Backgrounder: Who Is Working?
by Maryann O. Keating, Ph.D.
For those between jobs, nothing puts a damper on Holiday cheer like Aunt Nellie’s inevitable question, “Now where did you say you were working?”
Although the U.S. unemployment rate of 4.1 percent approaches full employment, the actual number of people with jobs is two million below its prerecession peak (Edward Lazear, “The Incredible Shrinking Workforce,” The Wall Street Journal, Dec. 8, 2017, A17).
Fewer people are at work today in America than before the Great Recession.
The significant decrease in the proportion of Americans, 16 and older, working in this growing economy is not totally explained by baby boomers entering retirement. Rather, the decline in employment of those ages 25 to 54 accounts for much of the job deficit. Is this a serious issue and what are these potential workers doing?
During a recession, the number of people on disability rises, and, because their skills depreciate, re-entering the workforce becomes increasingly difficult. However, disability payments cannot explain decreased employment rates for those in their late twenties and early thirties.
Low labor force participation is a legitimate concern of government officials attempting to fund Social Security, Medicaid, and other programs dependent on payroll and income taxes. However, there is something distasteful about policies designed primarily to draw people into the labor force in order to tax them. Many of us view the highs and lows of working in the lab or on the line, in the shop or classroom, in dealing with patients or clients as a way of finding meaning and personal fulfillment. Nevertheless, the primary reason we agree to punch the time clock is to provide for ourselves and those for whom we are responsible.
An individual’s willingness to seek and accept paid employment is a function of compensation and take-home pay. It is also dependent on personal characteristics. Statistical techniques can be used to compare the characteristics of those young adults, ages 26-31, in full time employment with those working part time or opting out altogether. Results, presented here, are based on data for over 5,000 individuals participating in Department of Labor Statistics’ National Longitudinal Survey of Youth (Keating and Keating, “Characteristics of Young Adults Participating Full Time in the U.S. Labor Force,” Indiana Policy Review, Spring, 2014).
It was expected that educational attainment by age 26 would automatically translate into an increased likelihood of full time work, but results do not support this assumption. Potential earnings are more significant.
Economists theorize that whenever the wage offered an applicant is equal to or higher than the expected wage, an individual is more likely to accept that position. Our study confirms this. If a respondent locates a job paying a wage equal or higher than average for his or her educational level, the odds of full time work increase significantly; this is particularly so for males.

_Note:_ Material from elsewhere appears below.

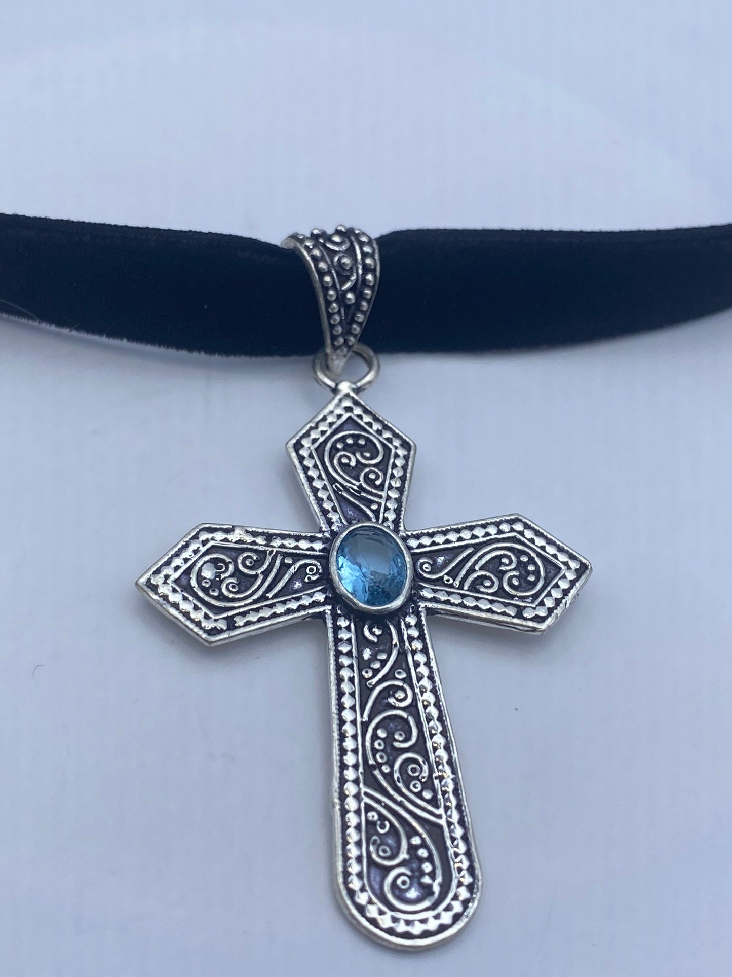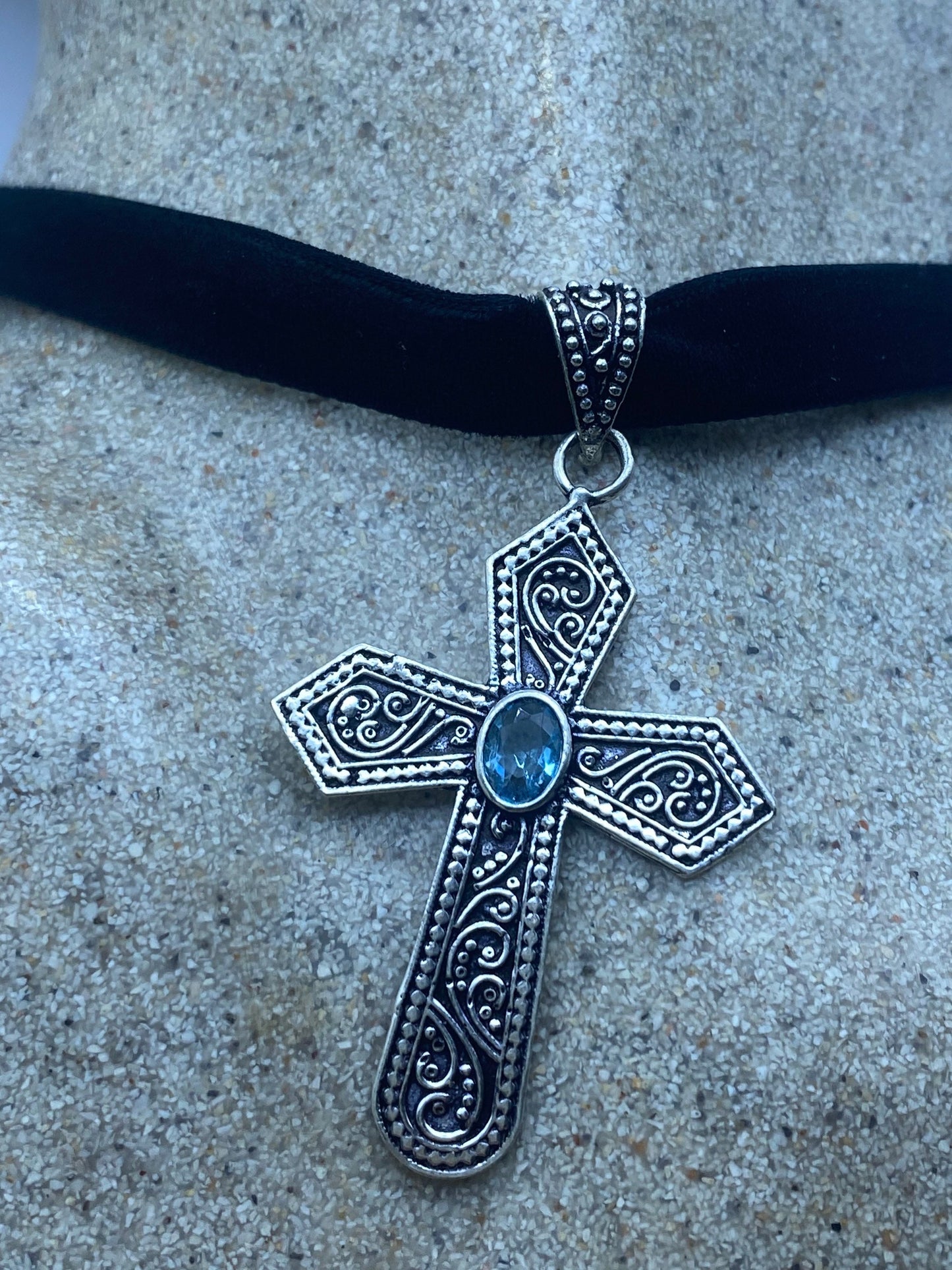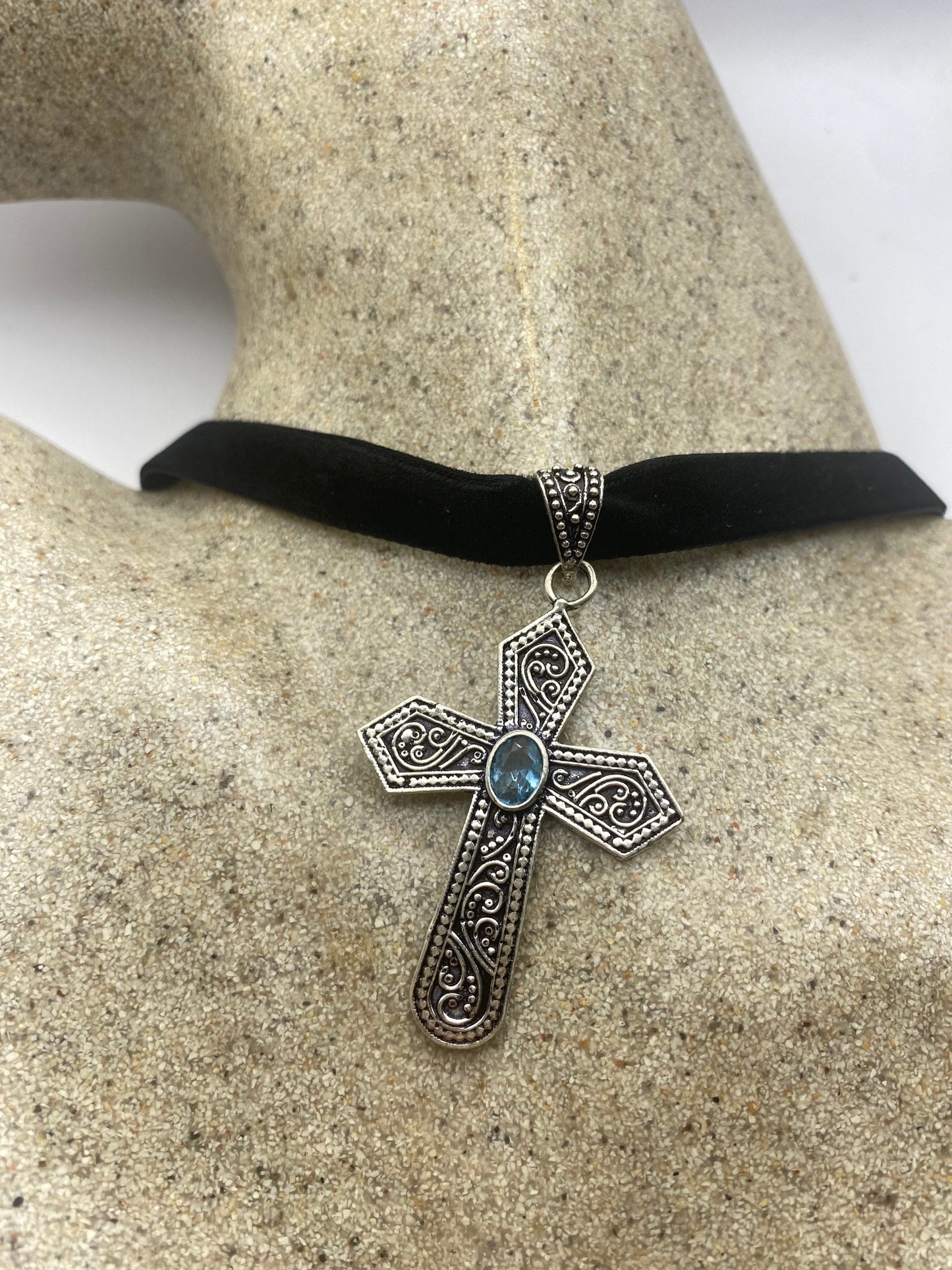 Vintage blue topaz bronze silver cross choker pendant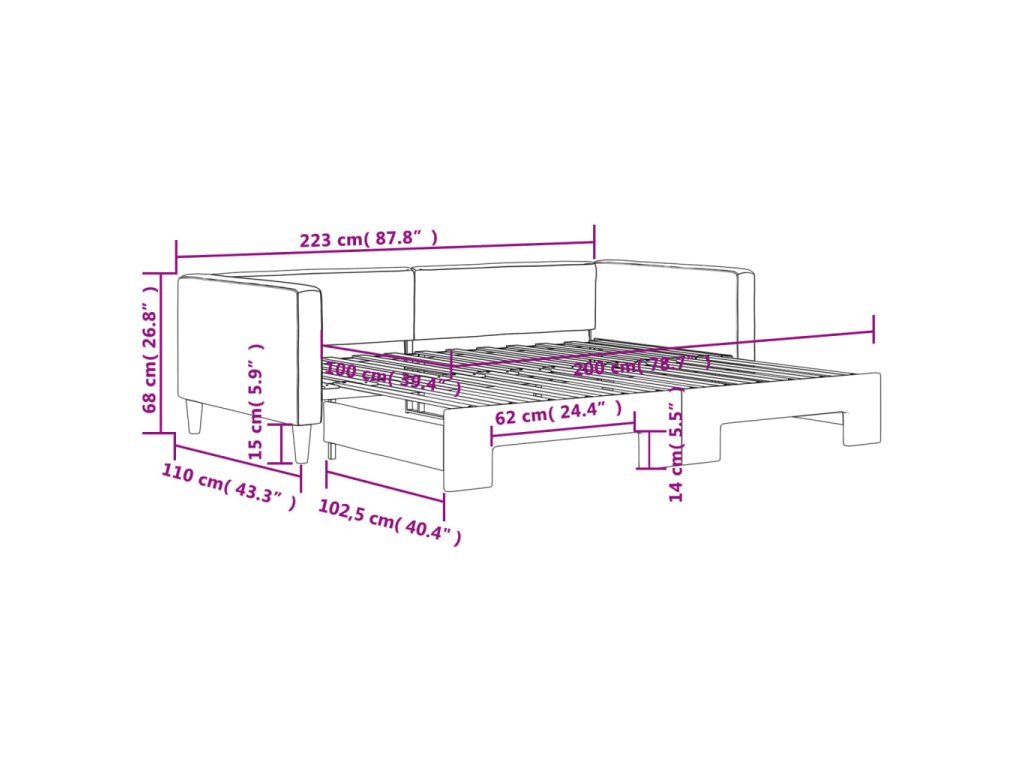 - Rozměry (nevysunuté): 223 x 110 x 68 cm (D x Š x V)

As expected, better health is positively and significantly associated with full labor force participation. Does having children reduce the likelihood of full time employment? Actually, having one or more children consistently increases the probability of full time labor force participation. The effect is stronger for women than men, but both males and females are willing to work in order to provide increased consumption for their own children.
For women, the state of being married, as compared with being single, separated, divorced or cohabitating, lowers the odds of full participation but the effect is not significant. On the other hand, marriage (and cohabitation to a lesser extent) significantly increases the odds of male full time work.

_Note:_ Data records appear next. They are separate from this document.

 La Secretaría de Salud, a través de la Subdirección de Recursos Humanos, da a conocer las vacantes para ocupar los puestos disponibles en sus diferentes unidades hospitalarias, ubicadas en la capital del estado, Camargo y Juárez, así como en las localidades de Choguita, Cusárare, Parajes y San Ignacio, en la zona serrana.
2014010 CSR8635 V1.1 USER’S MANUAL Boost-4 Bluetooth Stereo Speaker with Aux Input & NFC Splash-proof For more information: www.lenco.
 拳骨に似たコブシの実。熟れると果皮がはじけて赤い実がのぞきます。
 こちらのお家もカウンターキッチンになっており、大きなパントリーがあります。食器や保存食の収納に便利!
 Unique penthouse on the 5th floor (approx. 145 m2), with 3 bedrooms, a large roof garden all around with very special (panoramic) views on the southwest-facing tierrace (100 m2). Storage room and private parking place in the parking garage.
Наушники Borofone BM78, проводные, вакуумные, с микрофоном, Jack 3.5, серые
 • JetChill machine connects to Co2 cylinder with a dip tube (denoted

Certain personal characteristics associated with labor force participation are obvious. For example, being enrolled in any educational program reduces the likelihood of full time work for this cohort but more so for males. Also, time engaged in viewing television, used here as a preference for leisure versus wage income, is consistently and significantly associated with decreased odds for full time employment.

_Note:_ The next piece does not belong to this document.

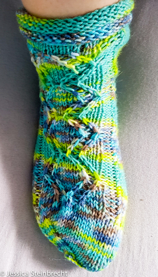 Das Bündchen, die Ferse und Bandspitze muss dann allerdings individuell angepasst werden, das wird nicht weiter beschrieben.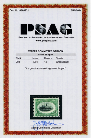 294, Mint XF NH 1¢ - With Graded 95 PSAG Certificate - Stuart Katz

From October, 2016 to October, 2017, the Bureau of Labor Statistics reports an over 83,000 decline in Illinois’ labor force. During the same period, Indiana’s labor force grew by 12,000; this is good but lower than estimated population growth.
Given the current tightness in U.S. labor markets, low labor market participation rates may not persist as a serious problem. In November, the decline in the jobless rate among workers over 25 without a high school diploma was lower than any time since 1992. If rapid grown translates into increased take-home pay, people may get off the couch and into paid employment
A good rejoinder to Aunt Nellie’s question may be, “I fully expect to be employed in 2018, and actually refused two or three positions recently because the wage offered did not quite meet my expectations.”
Maryann O. Keating, Ph.D., a resident of South Bend and an adjunct scholar of the Indiana Policy Review Foundation, is co-author of “Microeconomics for Public Managers,” Wiley/Blackwell.